- Ganjevan Location within Iran Ganjevan Location within Ilam Province
- Coordinates: 33°44′49″N 45°58′14″E﻿ / ﻿33.74694°N 45.97056°E
- Country: Iran
- Province: Ilam
- County: Chavar
- District: Buli
- Rural District: Buli

Population (2016)
- • Total: 292
- Time zone: UTC+3:30 (IRST)

= Ganjevan, Ilam =

Village in Ilam province, Iran

Ganjevan (گنجوان) (Note: Also romanized as Ganjevān; also known as Kanjavān) is a village in, and the former capital of, Buli Rural District of Buli District, Chavar County, Ilam province, Iran, serving as capital of the district. The capital of the rural district has been transferred to the village of Chaman-e Seyyed Mohammad.

==Demographics==
===Ethnicity===
The village is mainly populated by Kurds.

===Population===
At the time of the 2006 National Census, the village's population was 349 in 82 households, when it was in Chavar District (Note: Renamed the Central District of Chavar County) of Ilam County.
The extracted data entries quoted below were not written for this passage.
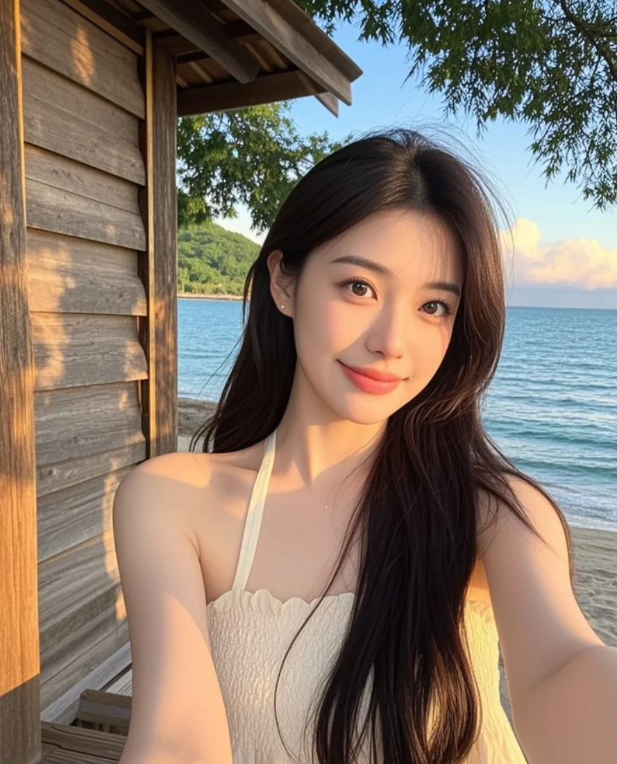 晚风中的沙滩倩影,长发飘散,笑容温柔,神秘浪漫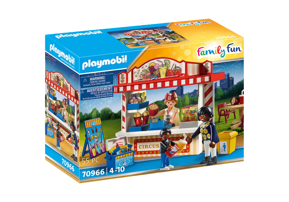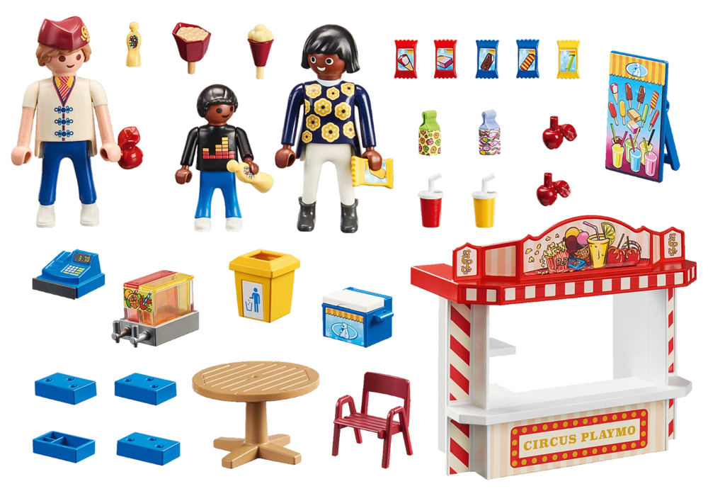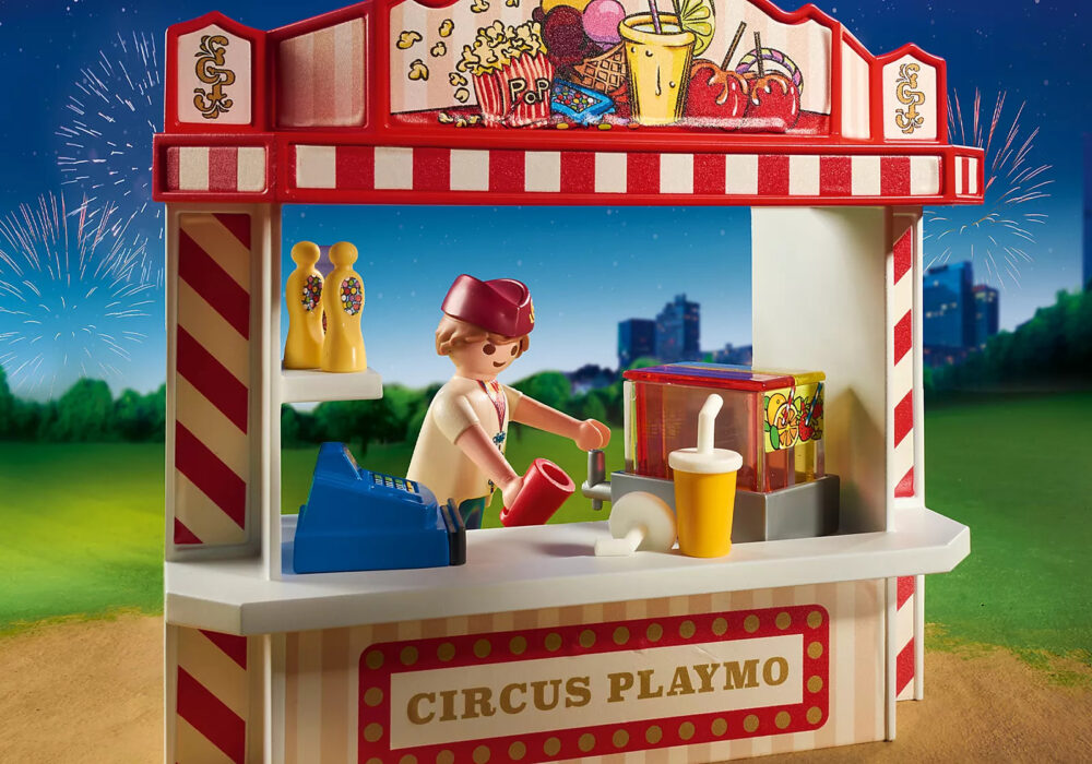 แม่และลูกชายตั้งตารอที่จะได้เยี่ยมชม Playmo Circus มาหลายวันแล้ว ในที่สุดเวลาก็มาถึง แต่ก่อนที่พวกเขาจะเข้าไปในเต็นท์ละครสัตว์สีสันสดใส ทั้งสองก็จะได้รับเครื่องดื่มอร่อยๆ ที่แผงแสดงละครสัตว์ ท้ายที่สุด คุณต้องการอาหารดีๆ สำหรับคลายเครียดเมื่อคุณเห็นศิลปินแสดงกลอันน่าตื่นเต้นของพวกเขา ไม่ว่าจะเป็นป๊อปคอร์น ไอศครีม หรือเครื่องดื่มเย็นๆ โรงละครสัตว์มีทุกอย่างที่คุณปรารถนา เด็กน้อยเลือกไอศกรีมแล้วออกไปที่เต็นท์ การแสดงใหญ่กำลังจะเริ่มขึ้น!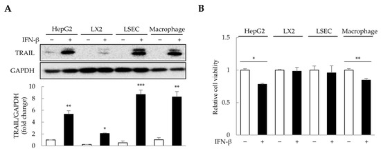 IFN-β-induced TRAIL expression in 2D-cultured cells. To determine the cells that express TRAIL and whose viability would be affected by IFN-β, 2D-cultured HepG2 cells, primary liver sinusoidal endothelial cells (LSECs), LX-2 human hepatic stellate cells, and macrophages were treated with IFN-β for 1 day. TRAIL expression was then analyzed via immunoblotting, and cell viability was determined using the WST-1 assay. (A) IFN-β-induced TRAIL expression in the four cell types. The intensity of protein bands was quantified through densitometry using ImageJ (National Institutes of Health, https://imagej.net/ij/index.html, 10 August 2023), and its relative expression was normalized to that of GAPDH. Data are presented as the mean ± SD of three independent experiments. * p < 0.05, ** p < 0.01, and *** p < 0.001. (B) Cell viability upon IFN-β treatment in the four cell types. Data are presented as the mean ± SD of three independent experiments. * p < 0.05 and ** p < 0.01.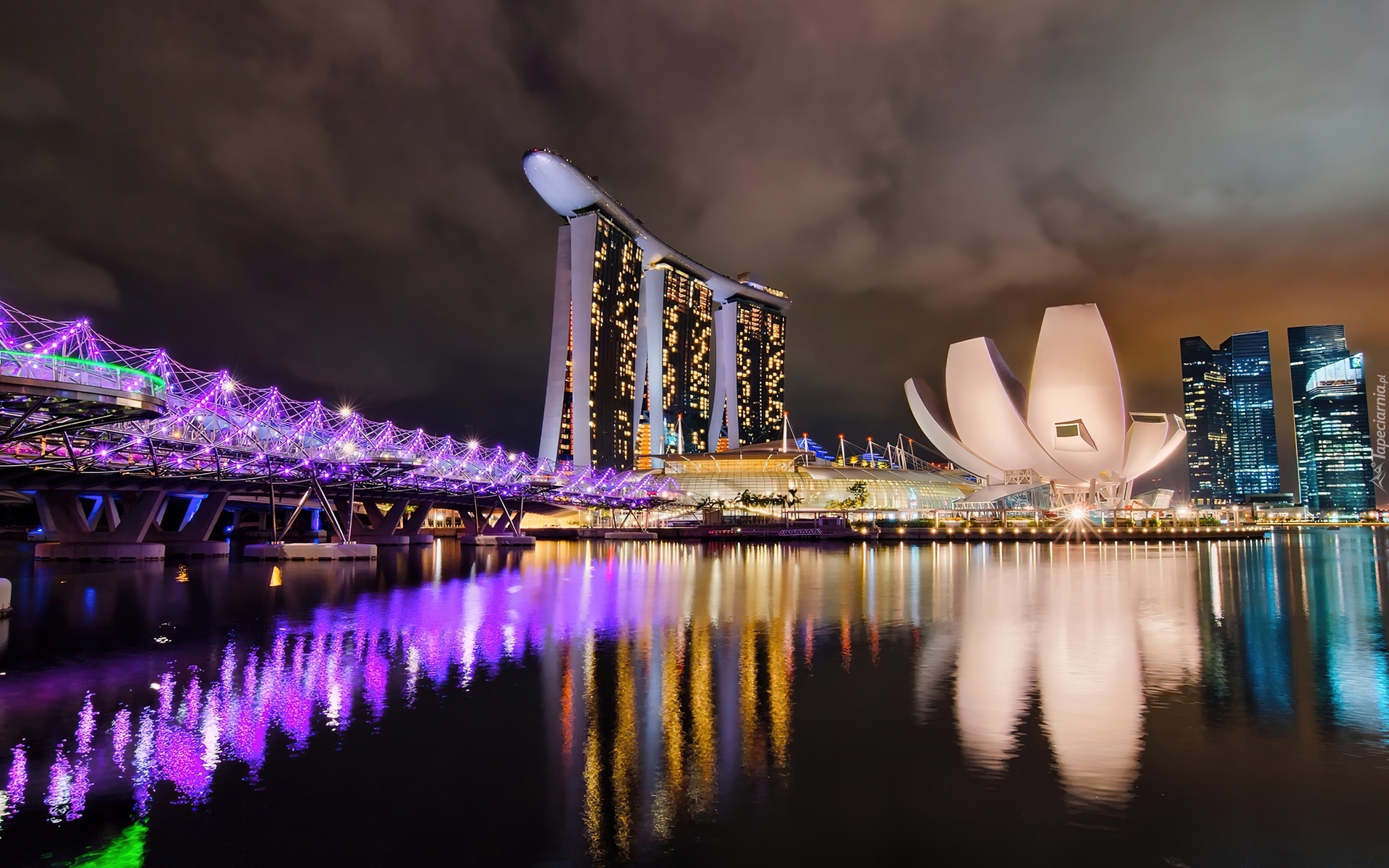 Edytor tapety: Miasto, Woda, Oświetlenie, Marina Bay Sands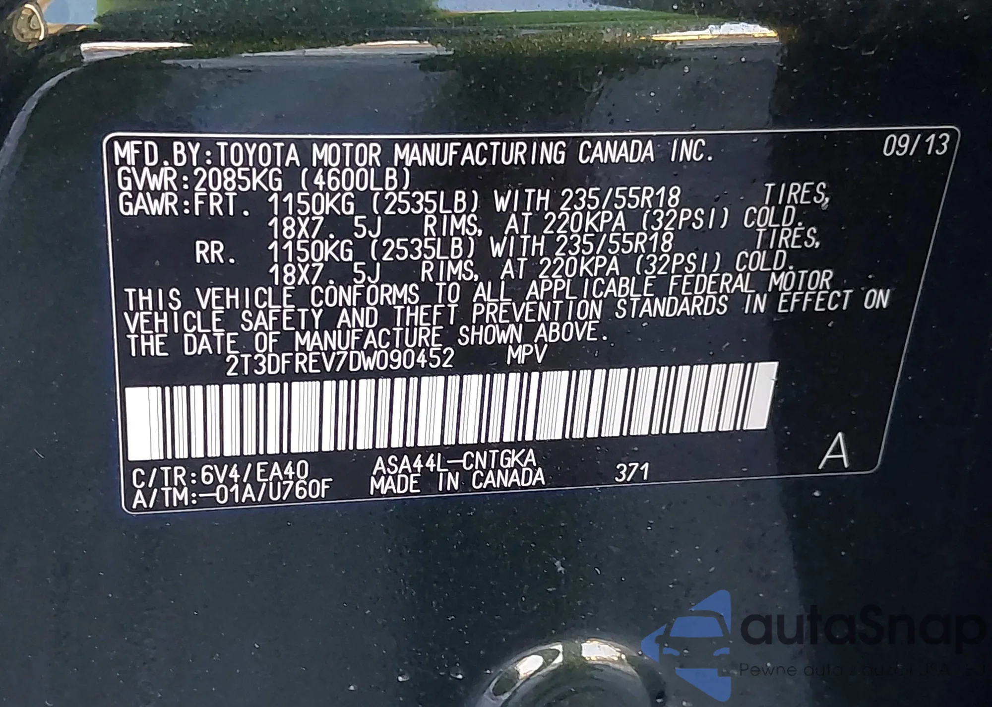 LOT: 43965462 VIN: 2T3DFREV7DW090452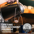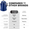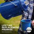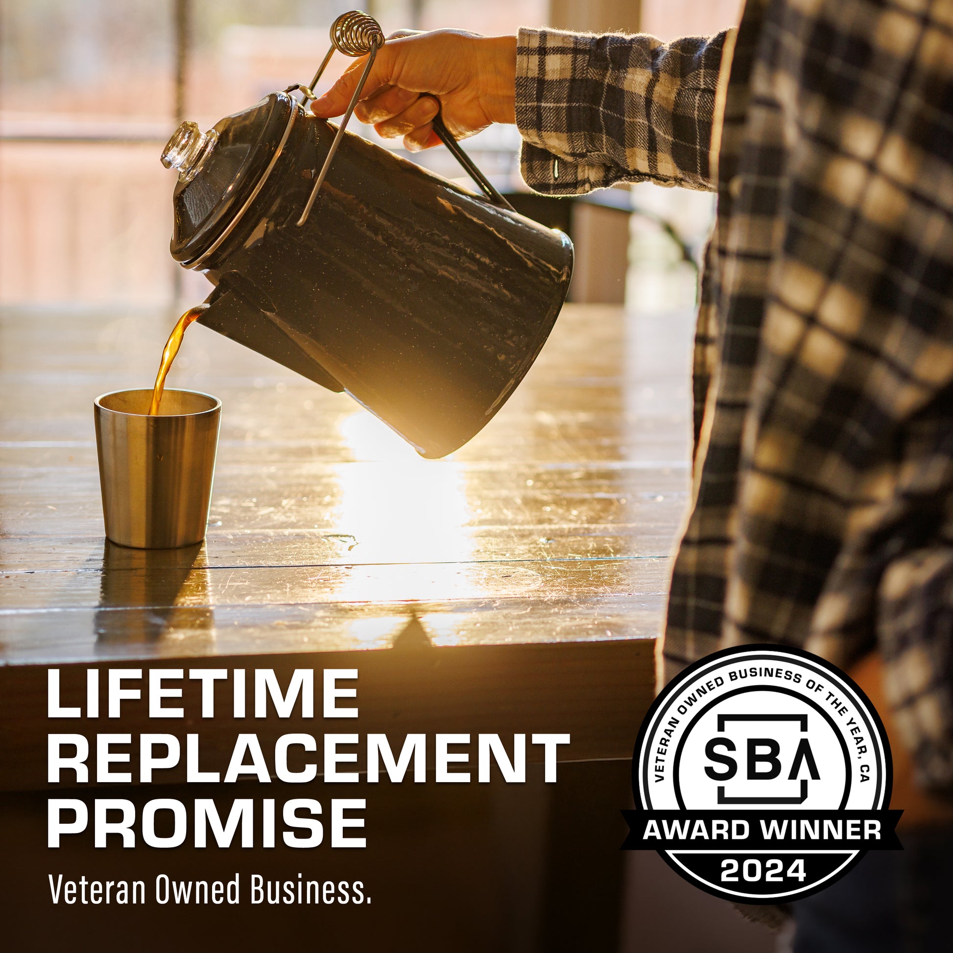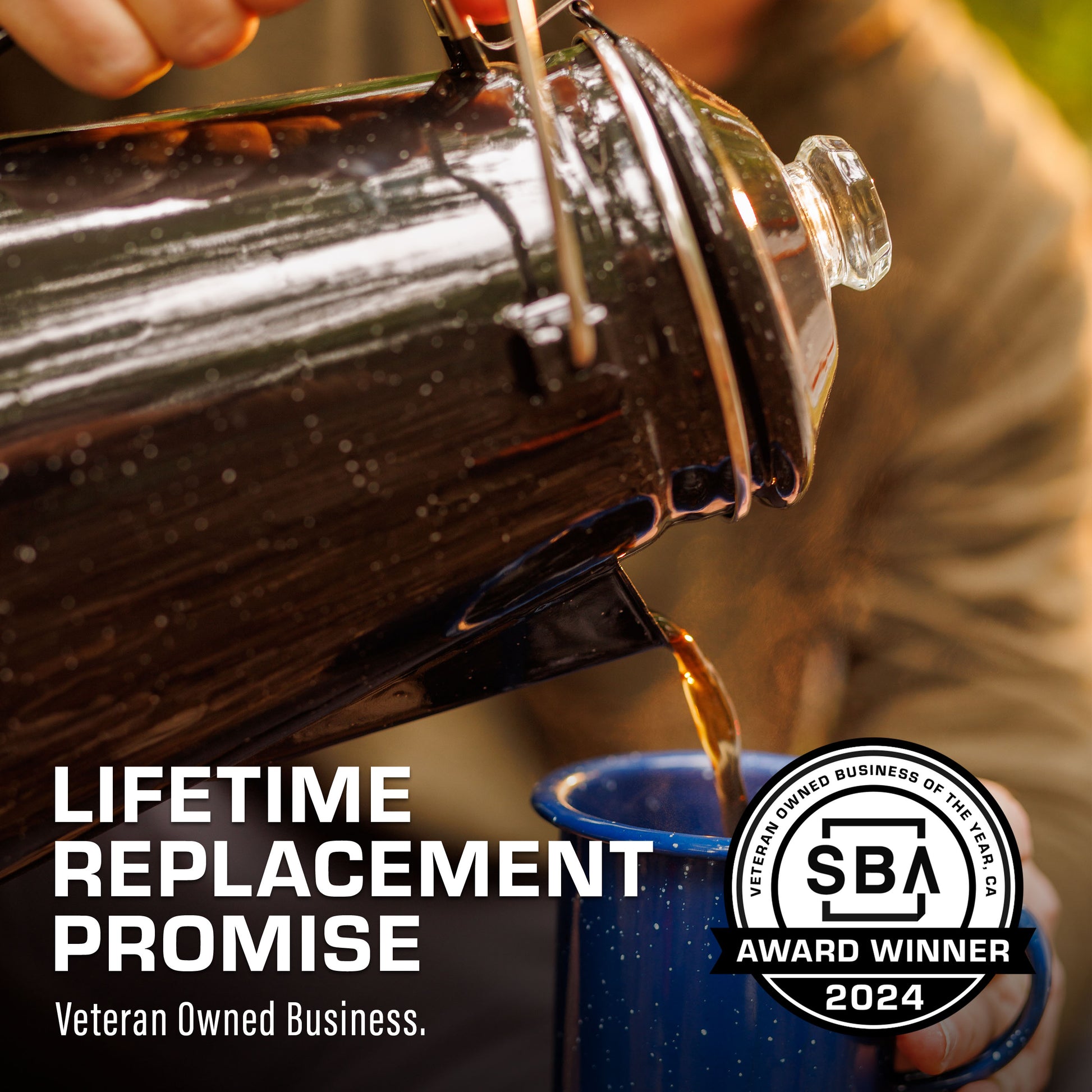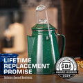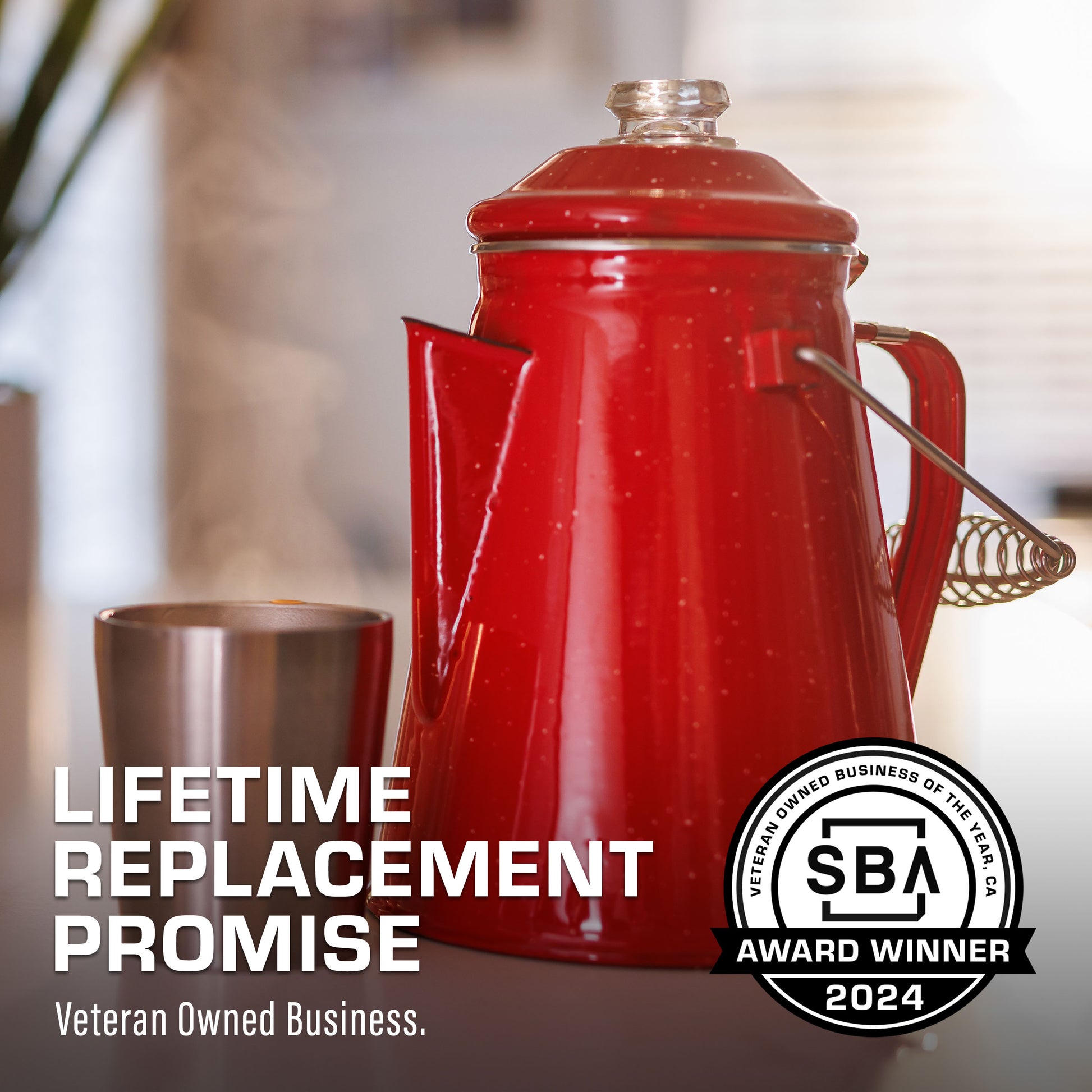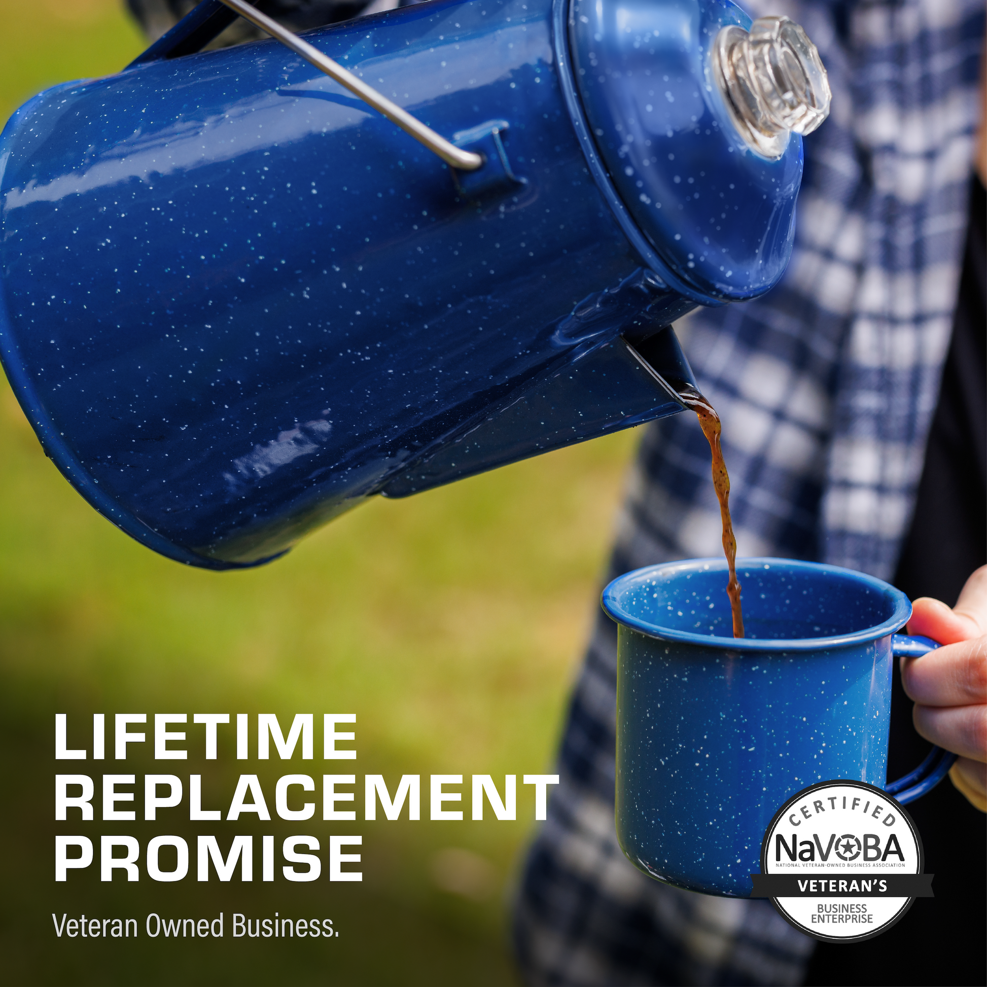 - LIFETIME REPLACEMENT PROMISE – Top materials & workmanship enable a superb promise. Shop with confidence. This is the last camping coffee pot you will ever need. US-based customer service provided by veterans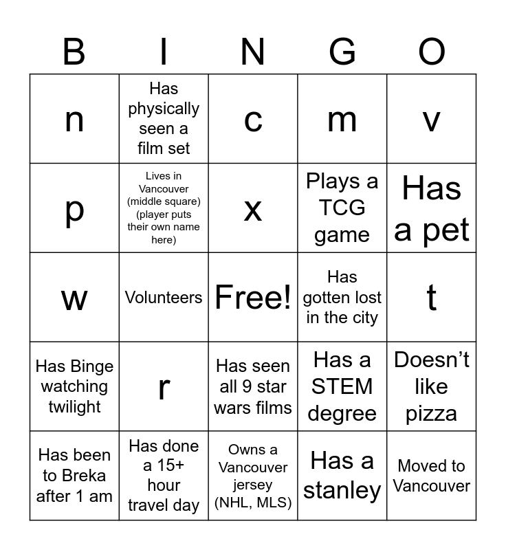 This bingo card has a free space and 79 words: a, b, c, d, e, f, g, h, i, j, k, l, m, n, o, p, q, r, s, t, u, v, w, x, Lives in Vancouver (middle square) (player puts their own name here), Skied at all three local mountains, Owns a boat, Travelled to more than 5 countries, Speaks two or more languages, Born in your birth month, Has a pet, Met a local celebrity, Owns a Vancouver jersey (NHL, MLS), Can do a headstand, Has been to Breka after 1 am, Has gotten lost in the city, Takes public transit as main transportation, Lives in an apartment building, Lives in a house, Moved to Vancouver, Has either L an N or no license, Has put on an event before, Is an artist, Works in a different city than where they live, Is currently in school, Has physically seen a film set, Has multiple passports, Went to elementary school in BC, Has ran a marathon, Has more than two siblings, Doesn’t like pizza, Volunteers, Has a STEM degree, Has a Red Seal, Has seen a concert in Rogers, Went to UBC, Has seen and read all of Harry Potter, Has walked the whole seawall, Has polar swim, Has seen all 9 star wars films, Plays a TCG game, Plays Chess, Has a tattoo, Has been skydiving, Has performed on stage in front of an audience, Lactose intolerant (approved by our lactose intolerant person), Is Vegan, Has done the grouse grind, complains about the rain more then it rains, Has Binge watching twilight, Has done a 15+ hour travel day, Attended fright night, Visited Bowen Island, Has stayed in a Vancouver hotel, Can Recommend five coffee shops, Has a stanley, Has climbed outside, Has attended a whitecaps game and Attended Vancouver pride parade.

The following census in 2011 counted 378 people in 83 households. The 2016 census measured the population of the village as 292 people in 80 households. It was the most populous village in its rural district.

In 2019, the district was separated from the county in the establishment of Chavar County and renamed the Central District. The rural district was transferred to the new Buli District.